§ **Source material**:
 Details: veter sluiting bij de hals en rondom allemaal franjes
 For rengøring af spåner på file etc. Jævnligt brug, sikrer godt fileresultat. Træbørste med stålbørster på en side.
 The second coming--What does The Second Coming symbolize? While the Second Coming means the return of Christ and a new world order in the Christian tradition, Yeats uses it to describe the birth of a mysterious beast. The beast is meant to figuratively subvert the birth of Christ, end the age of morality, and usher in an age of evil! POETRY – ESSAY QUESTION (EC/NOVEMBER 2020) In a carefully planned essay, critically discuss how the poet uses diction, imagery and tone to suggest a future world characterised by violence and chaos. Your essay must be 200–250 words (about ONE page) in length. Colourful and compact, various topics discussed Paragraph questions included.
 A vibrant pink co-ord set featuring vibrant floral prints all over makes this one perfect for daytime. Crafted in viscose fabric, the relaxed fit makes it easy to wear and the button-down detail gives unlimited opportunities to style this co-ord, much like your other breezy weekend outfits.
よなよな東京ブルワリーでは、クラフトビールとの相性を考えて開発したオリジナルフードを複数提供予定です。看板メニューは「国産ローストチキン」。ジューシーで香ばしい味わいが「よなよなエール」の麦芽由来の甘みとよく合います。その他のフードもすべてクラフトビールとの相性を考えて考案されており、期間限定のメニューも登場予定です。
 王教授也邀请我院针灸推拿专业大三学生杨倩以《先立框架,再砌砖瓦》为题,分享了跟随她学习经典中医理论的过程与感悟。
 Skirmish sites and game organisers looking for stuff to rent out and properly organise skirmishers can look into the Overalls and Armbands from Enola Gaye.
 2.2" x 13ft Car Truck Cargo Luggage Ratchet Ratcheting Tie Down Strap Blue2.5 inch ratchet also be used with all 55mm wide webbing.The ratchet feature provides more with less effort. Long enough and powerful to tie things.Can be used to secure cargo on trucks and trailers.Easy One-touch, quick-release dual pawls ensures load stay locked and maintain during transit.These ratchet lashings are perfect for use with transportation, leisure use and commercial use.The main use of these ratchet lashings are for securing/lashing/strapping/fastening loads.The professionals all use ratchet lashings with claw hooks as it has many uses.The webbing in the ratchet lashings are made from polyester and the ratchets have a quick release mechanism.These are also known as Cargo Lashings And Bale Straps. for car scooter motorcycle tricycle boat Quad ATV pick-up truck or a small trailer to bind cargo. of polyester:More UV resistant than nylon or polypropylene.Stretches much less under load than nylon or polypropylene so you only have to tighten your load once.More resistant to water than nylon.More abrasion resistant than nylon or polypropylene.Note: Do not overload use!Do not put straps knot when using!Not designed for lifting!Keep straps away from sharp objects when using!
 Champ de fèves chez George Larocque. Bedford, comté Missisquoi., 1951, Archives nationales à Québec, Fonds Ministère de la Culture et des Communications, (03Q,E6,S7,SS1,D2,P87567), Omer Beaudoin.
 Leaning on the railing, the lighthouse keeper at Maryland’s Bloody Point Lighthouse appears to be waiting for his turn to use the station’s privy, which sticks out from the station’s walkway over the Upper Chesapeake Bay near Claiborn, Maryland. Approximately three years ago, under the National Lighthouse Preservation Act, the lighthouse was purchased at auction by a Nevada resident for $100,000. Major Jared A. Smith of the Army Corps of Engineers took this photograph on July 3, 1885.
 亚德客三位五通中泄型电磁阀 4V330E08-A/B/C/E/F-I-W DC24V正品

§ **Activity**: From the listing above, return the lines starting at the one with "王教授也邀请我院针灸推拿专业" and ending at the one with "Skirmish sites and", both kept, exactly as they appear and nothing more.

§ **Result**:
 王教授也邀请我院针灸推拿专业大三学生杨倩以《先立框架,再砌砖瓦》为题,分享了跟随她学习经典中医理论的过程与感悟。
 Skirmish sites and game organisers looking for stuff to rent out and properly organise skirmishers can look into the Overalls and Armbands from Enola Gaye.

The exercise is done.